Question

simulation of time-series protein expression data

0

Entering edit mode

10.6 years ago

Zara ▴ 20

Hi everybody,

I'm trying to simulate time-series data for protein expression. I have a PPI network for which I want to simulate the data. Beside proteins, there are other proteins which we know as stimuli nodes. These nodes are connected to one or several proteins (like a drug molecule which is affecting a protein in our network).

I use formula 1 from this paper for simulating the relation between concentration of proteins.

I need this data to test my network inference algorithm.

Now my question is:

How can I simulate data in first time-step? For example can I just create random values and then apply the formula to get the data for the next time steps (of course I should ignore the random row)?

For example if I have an activator for EGFR, then if this activator is on, EGFR should be expressed, otherwise EGFR should be silent (no expression I mean). But if I just fix this, then the data would hardly be changed in next time steps. I mean any way I can't use a fix value for perturbed nodes, since in the formula itself the expression level is not fixed. I don't know how to calculate the concentrations for a node which is connected to an inhibitor or a stimuli node. It is already considered in the formula but using the formula it is possible that an inhibited node, gets a high value during next time steps.

I don't know how to set reasonable alpha and beta in the formula 1 (I solved the formula to get expression level in time t in terms of expression levels in time t-1).

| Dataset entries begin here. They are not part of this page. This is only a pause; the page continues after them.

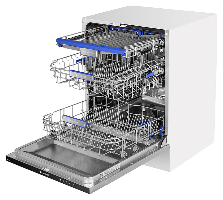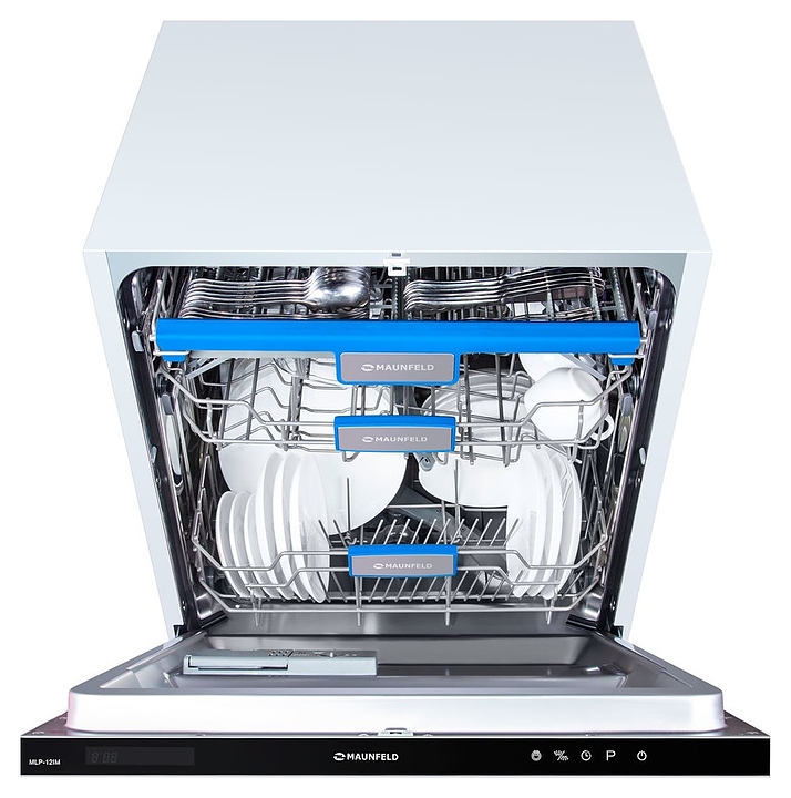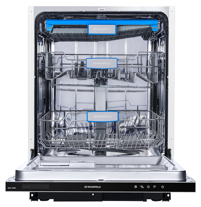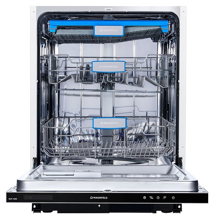 Встраиваемая посудомоечная машина Maunfeld MLP-12IMпредназначена для гигиенической обработки и последующей сушки различной посуды в гостиничных комплексах и домашних условиях. Модель оснащена камерой с откидной дверью с интегрированной рукояткой, верхним и нижним моечными рукавами, дозаторами моющих и ополаскивающих средств, устройством умягчения воды, кабелем питания с вилкой, расположенной на верхнем торце двери панелью управления с функциональными сенсорными клавишами, светодиодным дисплеем с цифровыми и символьными сегментами с белой подсветкой индикации. Внутренняя облицовка камеры и двери выполнена из высококачественной нержавеющей стали марок AISI304 и AISI430, корпус – из металла с антикоррозийным покрытием, панель управления – из полимера черного цвета.
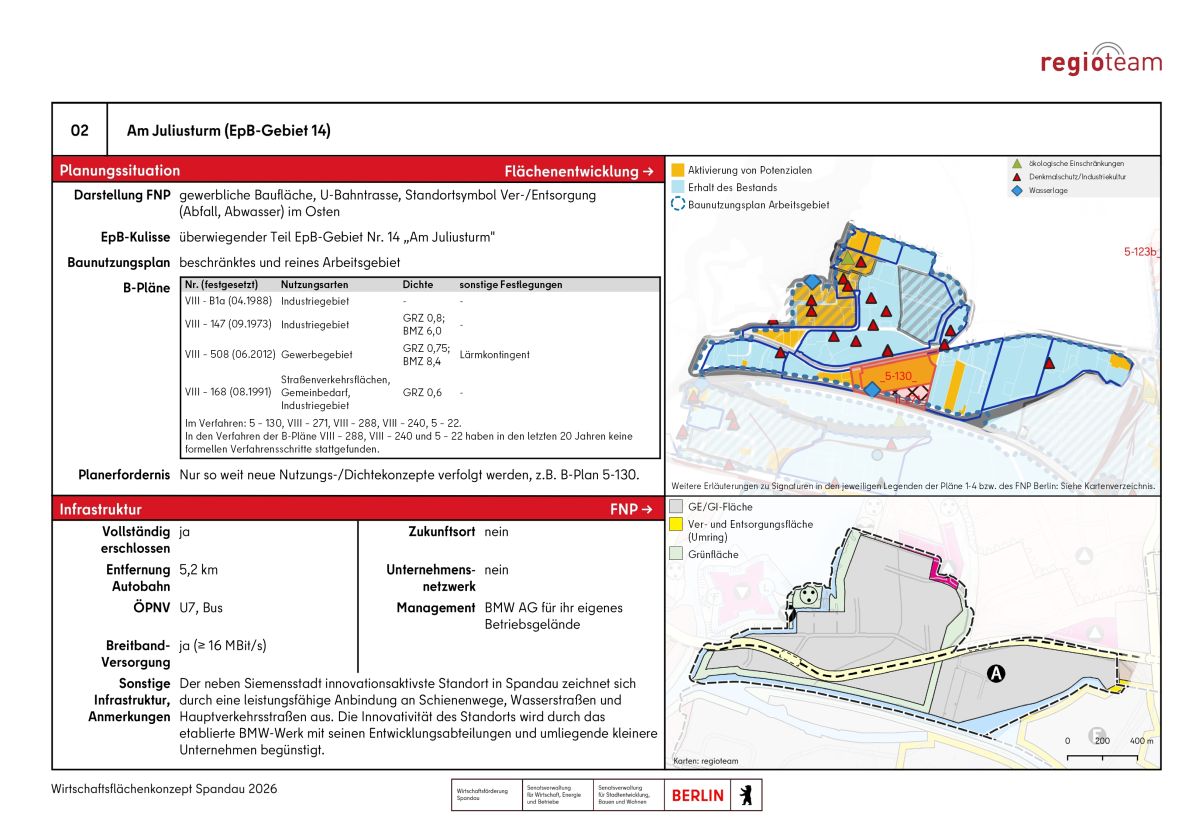 Im Wirtschaftsflächenkonzept Spandau werden alle in der Flächenkulisse enthaltenen Gewerbegebiete in Form von Standortpässen mit Eckdaten, Entwicklungsmöglichkeiten und Handlungsbedarfen dargestellt. Nachfolgend ist als Beispiel der Standort "Am Juliusturm" abgebildet (klick zum vergrößern):
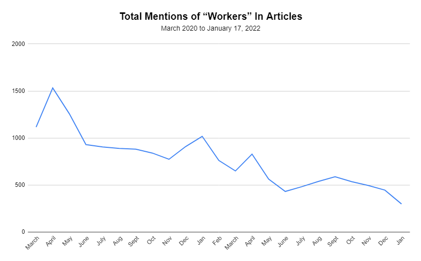 So: the number of articles mentioning workers is down; the use of the phrases “frontline workers” or “essential workers” is down; the percentage of mentions of “frontline” or “essential” as modifiers to “workers” is down. (I’ve included a graph below showing the decline of the number of mentions of “workers” in general in these publications throughout the pandemic.)
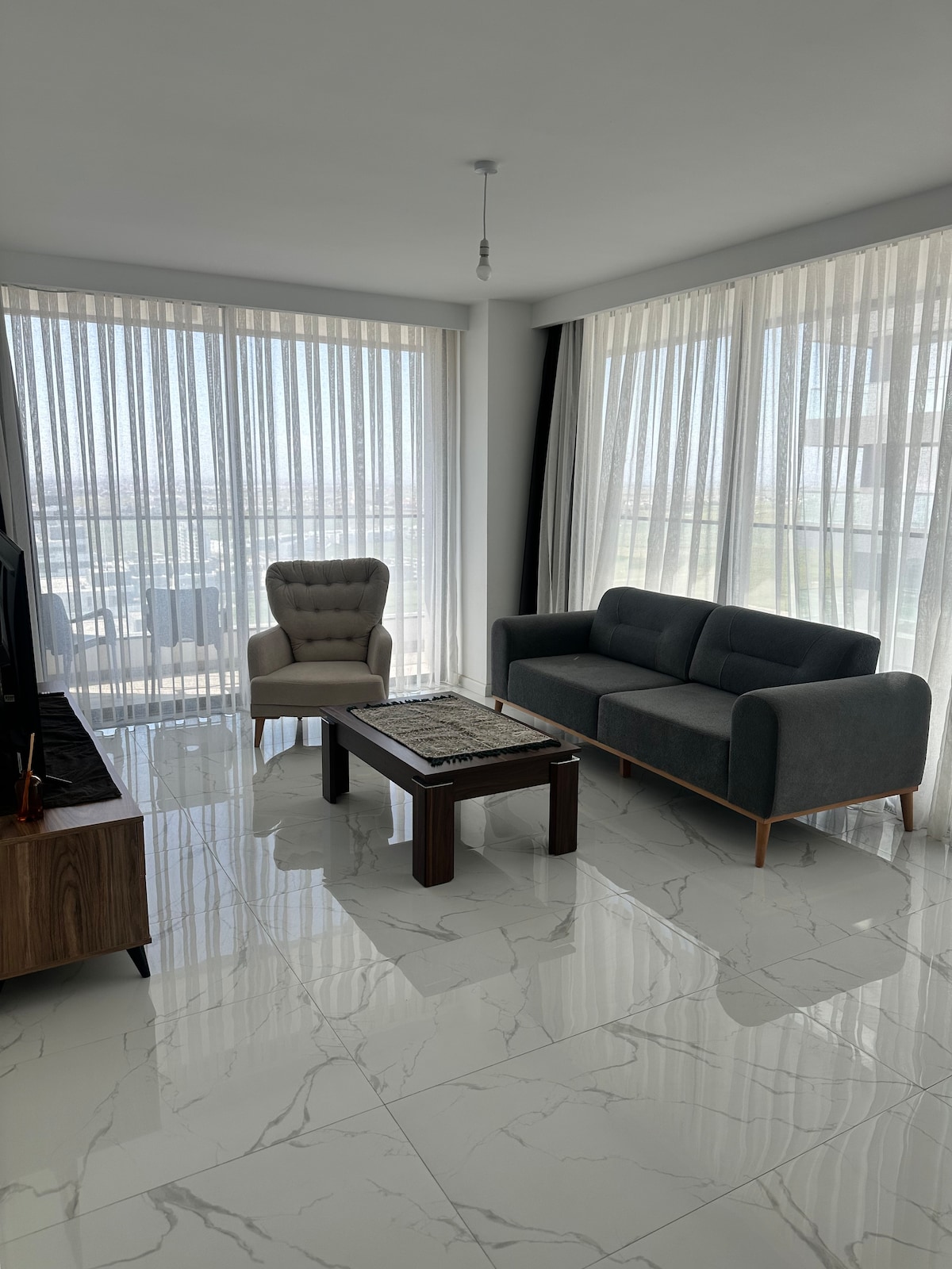 Enjoy a delightful stay in this modern apartment located on the 25th floor of the Grand Sapphire Residence in Iskele, North Cyprus The apartment features a fully equipped kitchen,a bedroom with a double bed,and a comfortable sofa bed in the living room It also offers a beautiful terrace with an outstanding view of the sea,pool,and resort Guests can enjoy the luxurious hotel facilities, including swimming pools, restaurants, and the casino, for an unforgettable stay in a lively seaside atmosphere
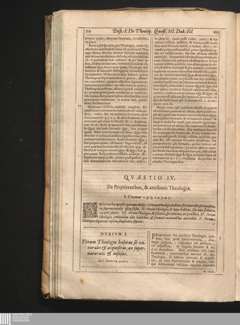 Quæstio IV. De Proprietatibus & attributis S. Theologiæ.
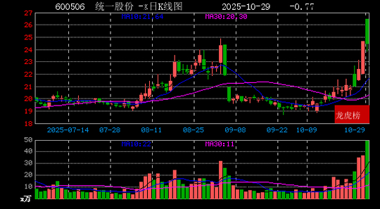 截止收盘,统一股份报收24.45元/股,涨幅-0.77%,成交量49万手,成交额12.35亿元,换手率33.21%。今日未涨停。
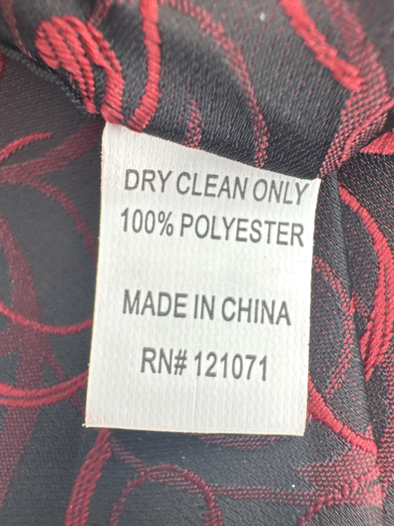 Elevate your formal attire with this stylish pre-owned tie. Featuring a striking combination of black and burgundy with a captivating floral pattern, this tie is perfect for adding a touch of elegance to any outfit. Crafted from 100% polyester, it offers durability and a smooth texture. Ideal for fall and winter occasions, this tie is sure to make a statement.

Any help would be appreciated.

Thanks :)

simulation R time-series • 3.1k views

ADD COMMENT • link updated 3.3 years ago by Ram 45k • written 10.6 years ago by Zara ▴ 20

Ram · Accepted Answer · 2014-11-02

There seem to be two questions here -- how to get meaningful initial conditions for your network, and how to choose model parameters for that network.

For the first question, it depends on what you're trying to do. Picking random initial states and running several time steps through your network until you get conditions that are suitable (by whatever metric makes sense for your problem) is certainly one approach - it would look a bit like burn-in in MCMC models, which is certainly a widely-used technique. But note that burn-in from random starting points is often seen as something of a hack (here's one vote against, for example) - it's something you might try if you don't know what else to do.

Presumably you're going to use your network and the initial conditions to start from some biologically plausible initial state, then perturb the state in some well-characterized way, and then see what the outcome is. So ideally you'd just pick one (or a set of several) initial states that you know are relevant and start from there. (You may still want to run several time steps before imposing the perturbation just to shake out any transients that result from having slightly approximated or otherwise mis-characterized the initial conditions. Otherwise you risk confusing those initial transients with the consequences of the perturbation you're imposing).

If you really don't know what sensible initial conditions are, you could try the random approach, but at the very least try a large number of initial random configurations to make sure you're getting a sensible range of sensible starting points.

As for the second question, good choices for α and β (do you mean ε? There's no β in equation 1 of the cited paper) that's just part of your model for the time evolution of the protein expression, and the paper describes how they were chosen in that case; most of the derivations had them set to 1, and then they were eventually updated to better match the desired properties by using conjugate gradient (several relevant R packages are listed in the Optimization task view on CRAN).